How to verify this identity:
1+ tan x
(over) = secant x
sine x + cos x
To verify the given identity:
1 + tan x
-----------
sine x + cos x
We can start with the left-hand side (LHS) and try to simplify it to match the right-hand side (RHS). Here's how you can do it:
1. Start with the LHS:
LHS = 1 + tan(x) / (sin(x) + cos(x))
2. Multiply the numerator and denominator of the fraction by the conjugate of (sin(x) + cos(x)):
LHS = (1 + tan(x)) * (sin(x) - cos(x)) / [(sin(x) + cos(x)) * (sin(x) - cos(x))]
3. Use the identity sin^2(x) - cos^2(x) = 1 to simplify the numerator:
LHS = (1 + tan(x)) * (sin(x) - cos(x)) / (sin^2(x) - cos^2(x))
4. Expand and simplify the numerator:
LHS = sin(x) - cos(x) + tan(x) * sin(x) - tan(x) * cos(x) / (sin^2(x) - cos^2(x))
5. Rewrite the denominator using the difference of squares identity:
LHS = sin(x) - cos(x) + tan(x) * sin(x) - tan(x) * cos(x) / [(sin(x) + cos(x)) * (sin(x) - cos(x))]
6. Cancel out the common terms in the numerator and denominator:
LHS = [sin(x) * (1 + tan(x))] / (sin(x) + cos(x))

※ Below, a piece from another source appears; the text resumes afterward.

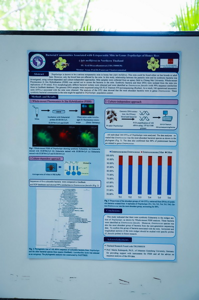 ภายในงานมีการบรรยาย แสดงวิสัยทัศน์ และแลกเปลี่ยนความรู้เชิงวิชาการเกี่ยวกับผึ้ง สุขภาพผึ้ง รวมไปถึงผลิตภัณฑ์ผึ้ง นอกจากนี้ยังมีการอบรมเชิงปฏิบัติการ (workshop) สำหรับเกษตรกรและผู้สนใจ เกี่ยวกับการตลาดและการค้าน้ำผึ้ง รวมถึงการปฏิบัติทางการเกษตรที่ดี (GAP) โดยในงานจะมีนักวิชาการและนักวิจัย กว่า 30 ท่าน จาก 20 ประเทศทั่วโลก คือ Canada, China, France, Greece, Indonesia, Israel, Japan, Myanmar, Nepal, Netherland, Poland, Romania, Slovenia, South Korea, Switzerland, Taiwan, Thailand, Turkey, UK และ Vietnam โดยมีนักวิชาการหลักจากสมาคม COLOSS (Prevention of honey bee COlony LOSSes) ซึ่งเป็นสมาคมระหว่างประเทศที่ไม่หวังผลกำไร มุ่งเน้นการฟื้นฟูสุขภาพของผึ้งในระดับโลก ซึ่งสมาคมประกอบด้วยนักวิทยาศาสตร์ผู้เชี่ยวชาญมากมาย ได้แก่ นักวิจัย สัตวแพทย์ เกษตรกรผู้เชี่ยวชาญ และนักศึกษา มีหน้าที่หลัก คือ การทำงานในระดับโลกเพื่อพัฒนาให้ผึ้งมีสุขภาพที่ดี โดยเฉพาะผึ้งเลี้ยง (Apis mellifera) และมีเป้าหมายเพื่อสนับสนุนให้เรื่องผึ้งและสุขภาพของผึ้งไปสู่ภาครัฐในระดับนโยบาย สร้างความร่วมมือการวิจัยระดับนานาชาติ อบรมและเผยแพร่ความรู้ที่เกี่ยวกับการสร้างสุขภาพที่ดีของผึ้ง นอกจากนี้สมาคมยังมีเป้าหมายทำงานที่สนใจในด้านแมลงศัตรูและโรค สภาพแวดล้อม การผสมพันธุ์รวมถึงการอนุรักษ์ผึ้ง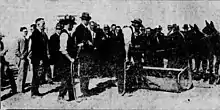 In 1924, Wilkinson led the effort to get a main line railway through Phoenix. He was the president of the Tidewater Association, which spearheaded the project.[57] The line would need to have had the Southern Pacific and El Paso and Southwestern railways merge, which needed approval from the Commerce Commission in Washington, D.C.[58] The hearing took place in September, and Wilkinson was part of the Arizona contingent which traveled to the U.S. Capitol to argue in favor of the proposal. The requested merger was approved.[59][60] Construction on the new line commenced in January 1925 near Picacho, with Wilkinson, along with F. J. Elliot, president of the Phoenix Chamber of Commerce, throwing out the first shovelful of dirt.[61] The rail line was completed on June 6, 1926, when the last rail was laid about 72.5 miles (116.7 km) west of Hassayampa, linking the two sets of tracks being laid. Freight trains began operating over the line on June 17, and the passenger train service began on October 15.[62]

7. Apply the identity sec(x) = 1 / cos(x) to simplify the numerator:
LHS = [sec(x) * cos(x)] / (sin(x) + cos(x))
8. Simplify further by multiplying the numerator and denominator by sec(x):
LHS = sec(x) * cos(x) / (sec(x) * (sin(x) + cos(x)))
9. Cancel out the common terms in the numerator and denominator:
LHS = cos(x) / (sin(x) + cos(x))
Finally, we can see that the simplified LHS is equal to the RHS, which is sec(x). Therefore, the identity is verified.
Note: In this process, it's important to be familiar with trigonometric identities and algebraic manipulations to simplify and transform the given expression.